AGL, a 185-year-old utility that’s one of Australia’s biggest polluters, was in May forced to abandon a strategy that would’ve kept coal-fired power plants running for about two more decades after Cannon-Brookes became the firm’s top shareholder and demanded changes. It’s among the most successful recent examples of investor-led activism and follows the move last year by fund Engine No. 1 to have three climate-conscious directors voted onto the board of Exxon Mobil Corp.

A plan to “refresh and reinvigorate” AGL is in place, including changes to its board, management and efforts to accelerate decarbonization, Cannon-Brookes said, without elaborating. His Grok Ventures family office, now the firm’s top shareholder, hasn’t finalized who will take up a board seat. AGL rose as much as 1.8% in Sydney trading on Tuesday.

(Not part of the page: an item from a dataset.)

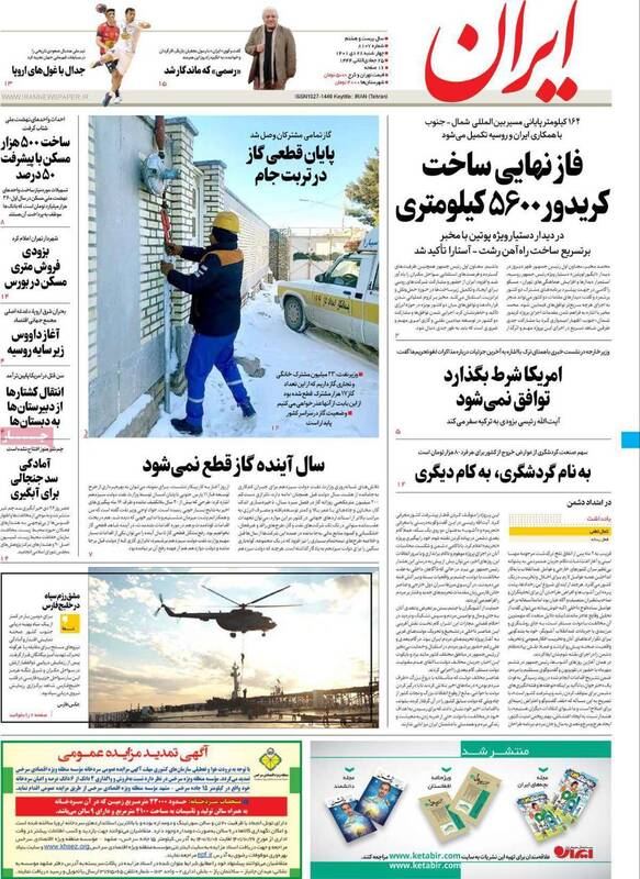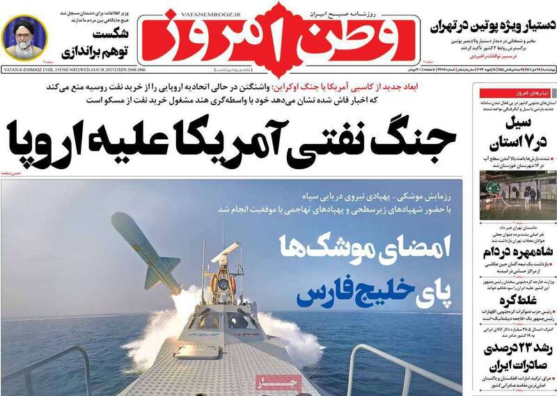 همدلی مردم و مسئولین در مدیریت چالش گازی، امضای موشکها پای خلیج فارس، کلاف پیچیده آلودگی، سپاه را در خلیج فارس مشاهده خواهید کرد تیتر اصلی برخی روزنامههای چهارشنبه ۲۸ دیماه است.

Atlassian, which has hit a goal to run its operations on 100% renewable electricity, has set science-based targets to cut its carbon pollution, including Scope 3 emissions. The company is also working with suppliers including Amazon Web Services Inc. to align them with its target of hitting net zero by 2040, Cannon-Brookes said.

Grok Ventures, which has backed firms including solar technology developer SunDrive Solar, is continuing to study more investments in energy, agriculture and transportation, he said. Cannon-Brookes also sees potential in grid infrastructure needed to transport energy over long distances. “I’m very bullish on high voltage DC cables,” he said.

Read more: The $300 Billion Plan to Bring Clean Power to China’s Megacities

The A$30 billion ($21 billion) Sun Cable project, backed by Cannon-Brookes and iron ore billionaire Andrew Forrest, aims to export solar power from Australia’s Outback to Singapore via a 4,200-kilometer (2,600-mile) high-voltage undersea cable.

Before the end of the decade, the tech developer and wife Annie Cannon-Brookes aim to spend an additional $1.5 billion of their personal wealth on efforts to speed up climate action.

The couple will devote “at least $500 million in philanthropy and at least another billion dollars toward investments in sustainability,” he said. “My money is out the door in eight years. I’m not building a big foundation and having money sit there.”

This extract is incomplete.